#### WORK TO BE COMPLETED
Each line below from the "В частности, он" line through the "图为西躲山北市乃东区门中岗社区秋耕典礼现场。中新社记者 贡嘎去紧 摄" line, those two included, must be restated word for word; the pictures must not be.

#### DATA FOR PROCESSING
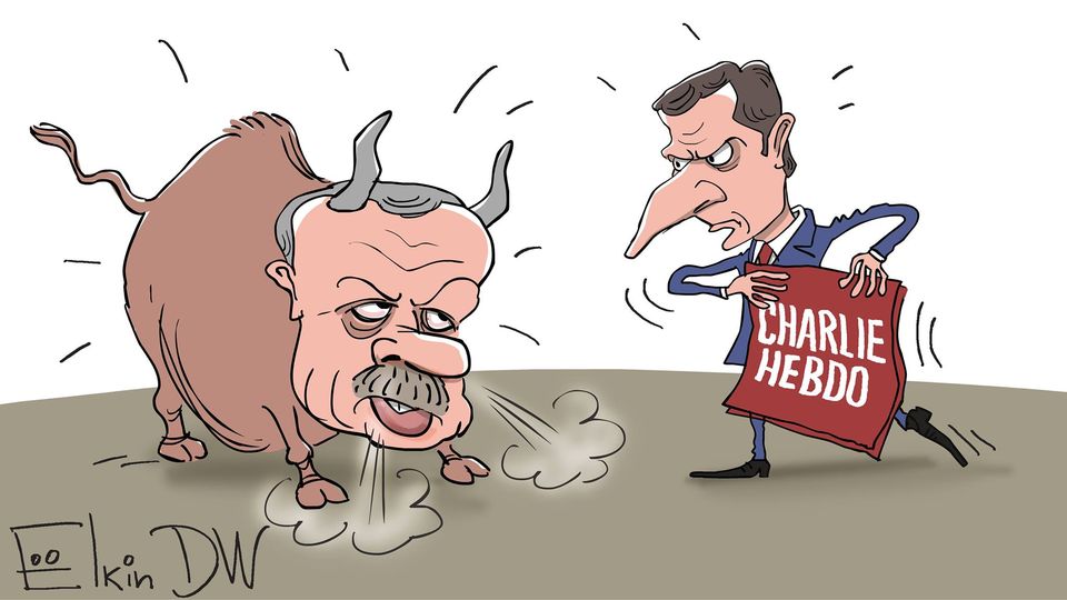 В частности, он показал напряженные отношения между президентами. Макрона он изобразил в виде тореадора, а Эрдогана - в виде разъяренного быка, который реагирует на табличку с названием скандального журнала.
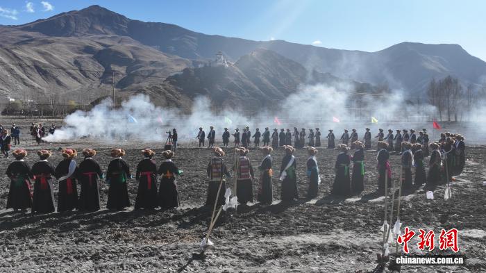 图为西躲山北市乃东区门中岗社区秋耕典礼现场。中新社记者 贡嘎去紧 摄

---

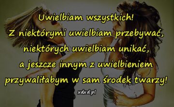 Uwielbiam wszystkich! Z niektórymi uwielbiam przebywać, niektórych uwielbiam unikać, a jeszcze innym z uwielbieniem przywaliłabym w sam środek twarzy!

#### PROBLEM SOLUTION
 В частности, он показал напряженные отношения между президентами. Макрона он изобразил в виде тореадора, а Эрдогана - в виде разъяренного быка, который реагирует на табличку с названием скандального журнала.
 图为西躲山北市乃东区门中岗社区秋耕典礼现场。中新社记者 贡嘎去紧 摄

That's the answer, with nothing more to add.